The visit of the Saudi Crown Prince to London, where he will hold talks with British Prime Minister Theresa May on defense and economic cooperation and meet Queen Elizabeth II has been widely advertised across the British capital. The Prince’s reception, initially put off due to fears over public protests has brought to light a number of issues surrounding the already deep relationship between London and Riyadh.

War in Yemen

Bin Salman was the driving force behind the Saudi military operation against Houthi rebels in Yemen, which began in March 2015, while he was minister of defense.
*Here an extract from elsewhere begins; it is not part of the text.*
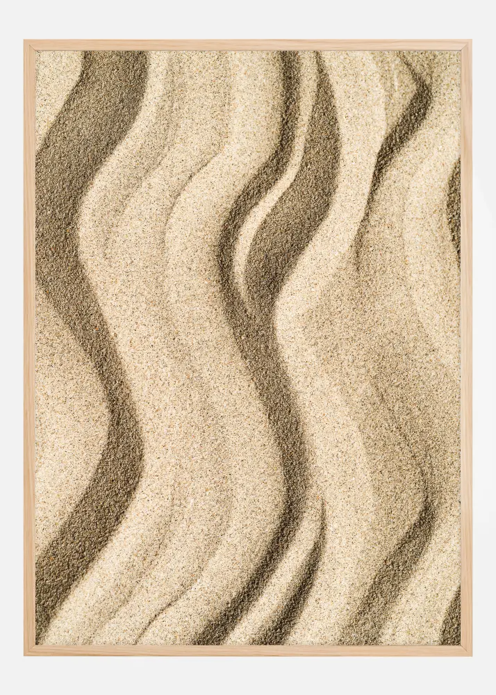 This poster is a reminder of nature's simple beauty, perfect for creating a peaceful and earthy atmosphere in your home. The organic rhythm and balance found in the patterns provide a calming element to any environment, inviting moments of reflection and meditative stillness. Let these sand lines become a part of your room and bring with them a piece of nature's silent dialogue.

The conflict dramatically escalated when Houthis swept into the Yemeni capital San’a and forced the government of President Abd-Rabbuh Mansour Hadi to flee to Aden and then to Saudi Arabia. British Prime Minister Theresa May has promised to raise the issue of civilian casualties in the war when she and Prince Mohammad discuss enhanced military cooperation. Britain has sold at least US$6.4 billion worth of weaponry to the Kingdom since the beginning of the bombing campaign in 2015. Only 6 percent of the British public approves of UK weapons sales to Saudi Arabia as a result of the war and the humanitarian situation, according to the Campaign Against Arms Trade.

Saudi Aramco

Of particular interest to the British government has been the privatization of the Saudi state-owned oil company Saudi Aramco, which is set to be publicly listed later this year in what is expected to be the largest public offering of a company in financial history. With an estimated value of US$2 trillion, the location for the listing has yet to be publicly announced although the most commonly floated venues are the New York, London and Hong Kong stock exchanges. Britain is particularly keen to deepen its financial links with the Gulf region as a means to offset any potential declines in trade with the European Union after it leaves the bloc in 2019.

Domestic Repression

Recent YouGov polling of the British public has consistently shown widespread unease with the closeness of the British relationship to a government they see as having an unusually poor human rights record. 39 percent respondents believe that Britain should treat Saudi Arabia as an enemy state, more than those who agree with treating as an ally. The responses represented a poorer image of the Kingdom held by Britons than those of Turkey, Russia or China. Only 4 percent of respondents described the Kingdom as “good” on human rights issues while 80 percent felt the opposite.